Da qui le notizie sui piani di Apple per l’AI si sono moltiplicate con la certezza che il 10 giugno ci sarà un annuncio nel corso della conferenza per gli sviluppatori di San Francisco: Apple starebbe lavorando a una partnership sia con OpenAI che con Google e allo stesso tempo portando l’intelligenza artificiale generale anche sull’assistente vocale Siri. Proprio nei giorni scorsi Bloomberg ha scritto di un accordo «molto vicino» tra Apple e OpenAI che renderà disponibile ChatGPT nel nuovo sistema operativo iOS 18.
LE FONTI
Secondo le fonti anonime citate da Bloomberg, i due gruppi stanno ancora discutendo i dettagli del piano anche se, nonostante già da aprile le discussioni si siano fatte più intense, non c’è alcuna certezza che l’eventuale accordo sarà annunciato a breve. In tutto questo OpenAI sta lavorando a un assistente vocale e non è chiaro se parte delle conversazioni tra le due aziende siano legate a un altro grande problema di Cupertino: l’invecchiamento precoce di Siri. Tim Cook l’anno scorso ha detto di usare personalmente ChatGPT, sostenendo però che ci fossero ancora «diversi problemi da risolvere». Gli stessi top manager del gruppo, Craig Federighi e John Giannandrea, per settimane avrebbero fatto test sul chatbot di OpenAI per capire quali fossero gli elementi mancanti da iPhone.

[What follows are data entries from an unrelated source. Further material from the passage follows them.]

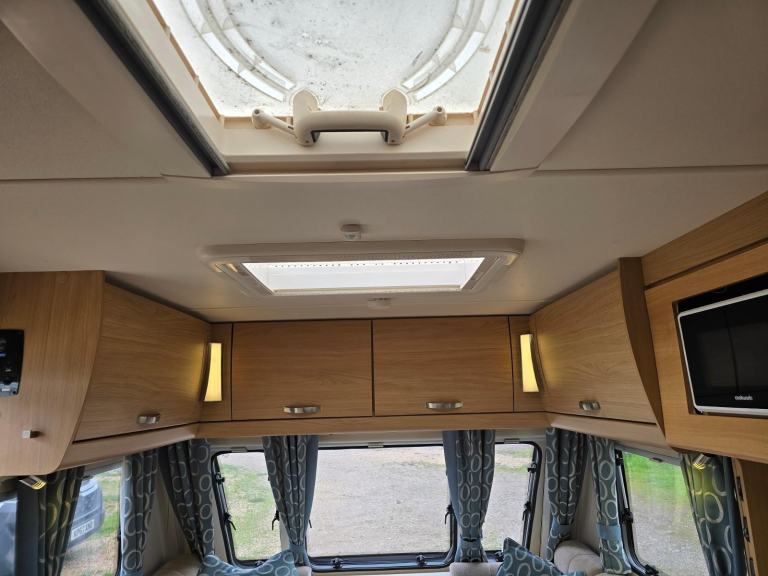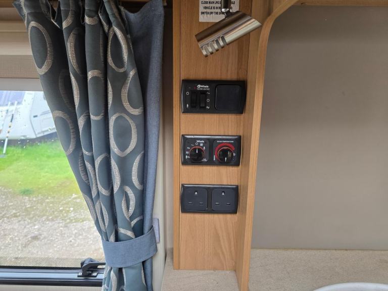 It also has a 3 way fridge freezer, full oven hob and grill, stereo radio, blinds and nets on all the windows, Large heki rooflight, Whale heating system, roof mounted digital aerial with booster box, 12v and 240v electrics, nice upholstery, lots of storage space, end washroom with separate shower, sink with vanity unit and swivel cassette toilet.
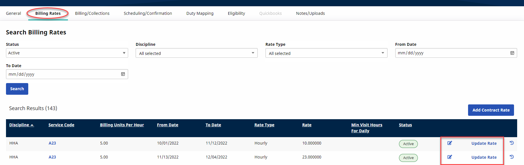 In the Billing Rates tab, the edit icon and Update Rate buttons are enabled if the Payer allows the Provider to update rates. As stated in the Patient Rates Page section, rates can also be managed (controlled) in the Billing Info tab for a UPR visit, and in the Contract Setup/Billing Rates tab.
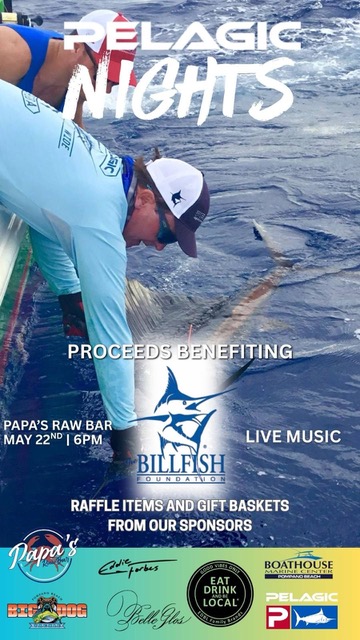 Join the Billfish Foundation on May 22nd for their fundraising event at Papa’s Raw Bar in Pompano Beach – Pelagic Nights.
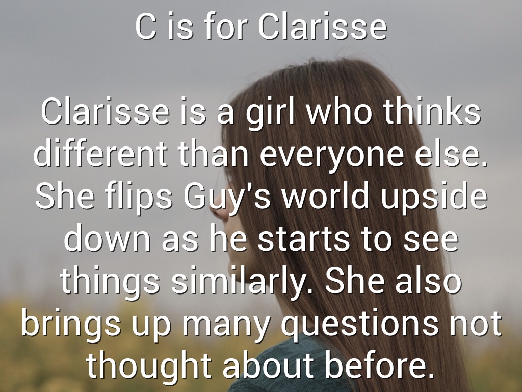 Clarisse is a girl who thinks different than everyone else. She flips Guy's world upside down as he starts to see things similarly. She also brings up many questions not thought about before.
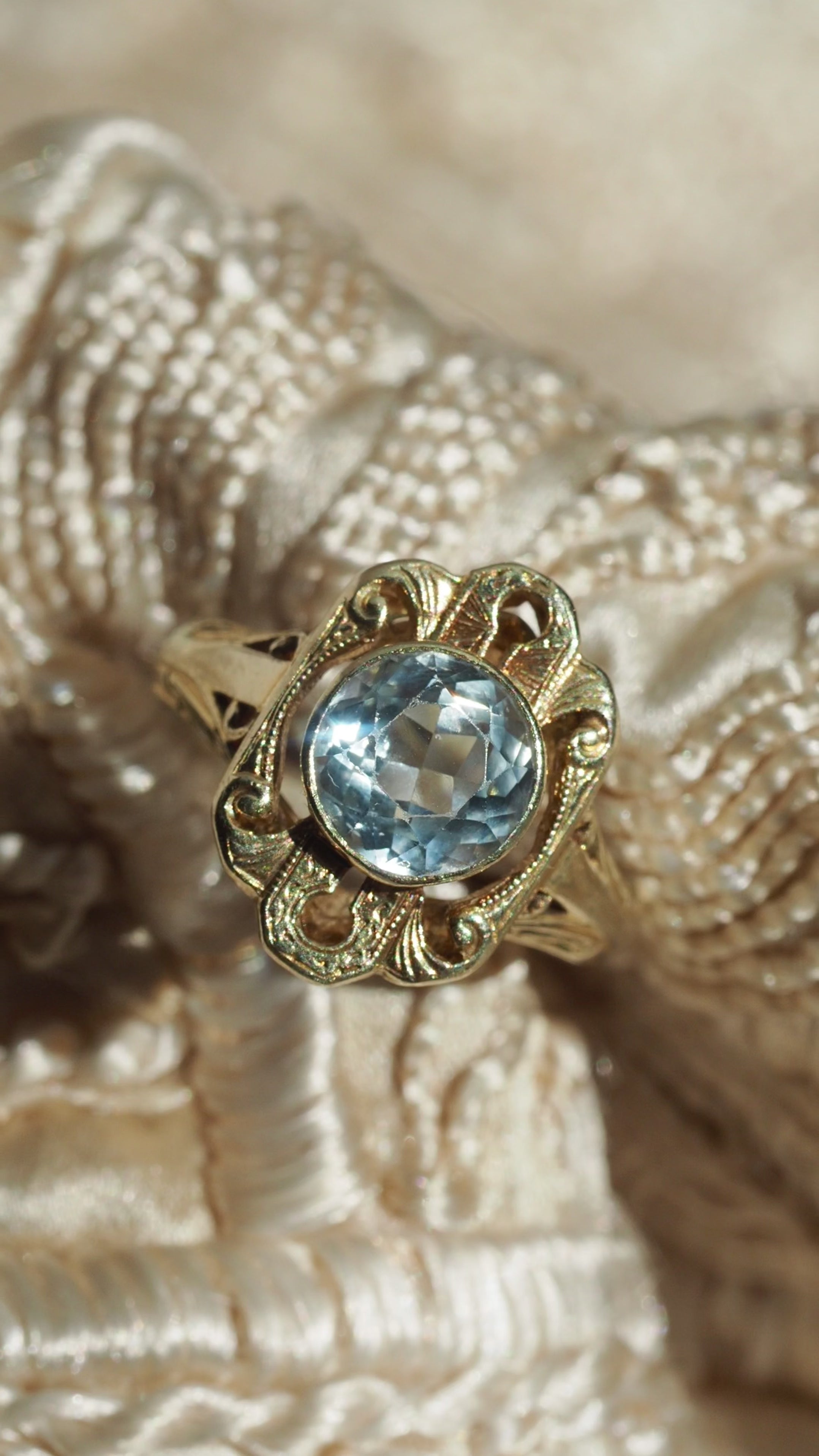 This ethereal Art Deco era ring features a sizable aquamarine with outstanding faceting that brings a sparkling watery shimmer to the pale blue gem. The mounting has been made of soft yellow gold with wonderful cutouts, engravings and filigree. This piece has a confident yet tender presence and a color palette that suits every season.

E in questo modo sono arrivati a una conclusione abbastanza logica: Siri è un prodotto lanciato nel 2011 che se confrontato con i nuovi chatbot, non solo sembra un pezzo di tecnologia di un’altra epoca, ma rende iPhone un prodotto antiquato, rischiando di far diminuire le vendite già in calo.
I PROBLEMI
Siri non è capace di intrattenere una conversazione, fa spesso errori o non riesce a capire le domande fatte dagli utenti. Per questo il secondo punto su cui Apple starebbe lavorando è un rilancio dell’assistente vocale, integrando l’AI generale. Il New York Times parla di un «trapianto di cervello» per Siri, cosa che insieme alle minacce di ChatGPT e degli altri chatbot, ha spinto il colosso a rendere le iniziative nel campo dell’AI un tent pole project, un progetto in cui investire miliardi di dollari con una visione di almeno dieci anni: ovviamente Apple non ha parlato di denaro in modo diretto, nonostante il direttore finanziario Luca Maestri abbia detto che l’azienda ha investito 100 milioni di dollari in ricerca e sviluppo negli ultimi cinque anni. È anche vero che non sono stati specificati i soldi usati solo per l’AI e quelli spesi per la realtà aumentata e il visore Vision Pro o per Project Titan, il veicolo autonomo su cui avrebbe investito un miliardo di dollari in dieci anni e che è stato fermato nel 2024 proprio per fare spazio all’AI.
LE TRATTATIVE
C’è poi la questione di Google: le trattative sono aperte da marzo ma anche in questo caso non ci sarebbe ancora una decisione. Apple infine vorrebbe puntare su due altri elementi per cercare di emergere nel settore: lo sviluppo di chip AI sempre più sofisticati che saranno usati nei data center del gruppo e «una forte attenzione per la privacy», come ha ripetuto di recente Cook parlando con i giornalisti. L’amministratore delegato ha anche detto che, a differenza degli altri colossi tech, Apple si trova in una posizione privilegiata perché è in grado di fare una «perfetta integrazione di hardware, software e servizi». Senza investimenti adeguati, infatti, il rischio è quello di trasformare iPhone dal prodotto che controlla l’85% degli utili del mercato degli smartphone a un inutile pezzo di archeologia tecnologica.